Norn integrates Claude and Codex into the review workflow without turning them into automatic publishers. The assistant proposes; the reviewer decides what to keep and what to publish.
How it works
- A run starts with the context of the current repository, pull request, and diff.
- Norn stores review results, findings, and evidence locally.
- Proposed comments remain drafts until you explicitly choose to publish them.
- You can configure the provider and model options for the review workflow.
Norn launches the provider’s locally installed CLI. Authenticate claude or
codex before starting a review, and use norn doctor --machine-only to check
that the selected executable is available.
Reviews from the terminal
Select Codex explicitly:
norn review --repo-path . --scope working-tree \
--ai-provider codex --allow-provider-diff
Or use Claude:
norn review --repo-path . --scope working-tree \
--ai-provider claude --allow-provider-diff
You can request structured output for automation and integrations:
norn review --repo-path . --scope branch --format json \
--fail-on-findings --allow-provider-diff
Use --model and --effort for one-run overrides, or configure defaults in the
desktop app and TUI settings.
Privacy and control
For a non-empty headless review, --allow-provider-diff grants one-run consent
to send only the selected diff and review instructions to the chosen provider.
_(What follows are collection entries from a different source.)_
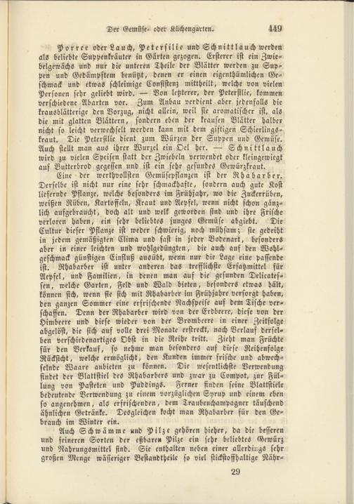 Eine der werthvollsten Gemüsepflanzen ist der Rhabarber. Derselbe ist nicht nur eine sehr schmackhafte, sondern auch gute Kost liefernde Pflanze, welche besonders im Frühjahr, wo die Zuckerrüben, weißen Rüben, Kartoffeln, Kraut und Aepfel, wenn nicht schon gänzlich aufgebraucht, doch alt und welk geworden sind und ihre Frische verloren haben, ein sehr beliebtes junges Gemüse abgiebt. Die Cultur dieser Pflanze ist weder schwierig, noch mühsam; sie gedeiht in jedem gemäßigten Clima und fast in jeder Bodenart, besonders aber in einer leichten und wohlgedüngten, die auch auf den Wohlgeschmack günstigen Einfluß ausübt, wenn nur die Lage eine passende ist. Rhabarber ist unter anderen das trefflichste Ersatzmittel für Aepfel, und Familien, in denen man auf die gesunden Delikatessen, welche Garten, Feld und Wald bieten, besonders etwas hält, können sich, wenn sie sich mit Rhabarber im Frühjahre versorgt haben, den ganzen Sommer eine erfrischende Nachspeise auf dem Tische verschaffen. Denn der Rhabarber wird von der Erdbeere, diese von der Himbeere und diese wieder von der Brombeere in einer Zeitfolge abgelöst, die sich auf volle drei Monate erstreckt, nach Verlauf derselben verschiedenartiges Obst in die Reihe tritt. Zieht man Früchte für den Verkauf, so nehme man besonders auf diese Reihenfolge Rücksicht, welche ermöglicht, den Kunden immer frische und abwechselnde Waare anbieten zu können. Die wesentlichste Verwendung findet der Blattstiel des Rhabarbers und zwar zu Compot, zur Füllung von Pasteten und Puddings. Ferner finden seine Blattstiele bedeutende Verwendung zu einem vorzüglichen Syrup und einem eben so angenehmen, als erfrischenden, dem Traubenchampagner täuschend ähnlichen Getränke. Desgleichen kocht man Rhabarber für den Gebrauch im Winter ein.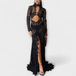 Azalea - Midnight Elegance Transparent Cutout Long Sleeve Stretch Maxi Dress
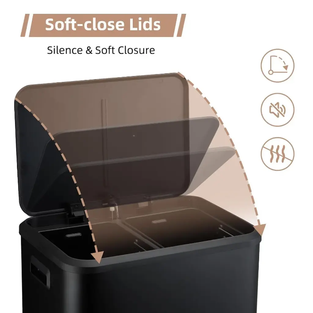 8 Gallon Dual Compartment Trash Can, Stainless Steel Garbage Can with Soft-Close Lid and Two Removable Inner Buckets, 2 x 15L Two Compartment Trash Bin for Kitchen Bedroom Home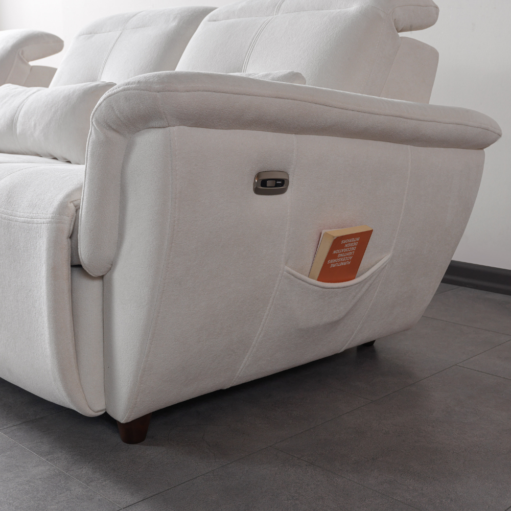 Luna Mini Köşe Koltuk, geniş ve konforlu yapısıyla evinizin her alanında şıklık ve rahatlık sağlar. Sağ ve sol oturumlar motor kontrollü olarak açılıp kapanabilir. Kademeli manuel başlıkları, sırt ve boyun desteği sağlar. Ekstra uzatmalı dinlenme pufu ile ailecek keyifli kullanım sunar.

You can persist or revoke that local choice with:
norn setup --allow-provider-diff --yes
norn setup --deny-provider-diff --yes
Diff-sharing consent is separate from permission to run outside a coding
agent’s sandbox. Codex and Claude Code must grant the exact norn review
process enough host access to reach the provider CLI, its configuration, the OS
credential store, and the network. Norn never edits or broadens those agent
permissions.
Norn keeps credentials outside repository config and never publishes model output automatically. Review every finding and draft before publication.
Headless mode returns findings only. Desktop and TUI workflows let you turn accepted findings into local drafts and explicitly publish them.
When to use it
AI Assist is useful for navigating large pull requests, identifying risks, and getting an initial reading of unfamiliar code. It does not replace reviewer judgment: always verify every finding against the diff and the system’s actual behavior.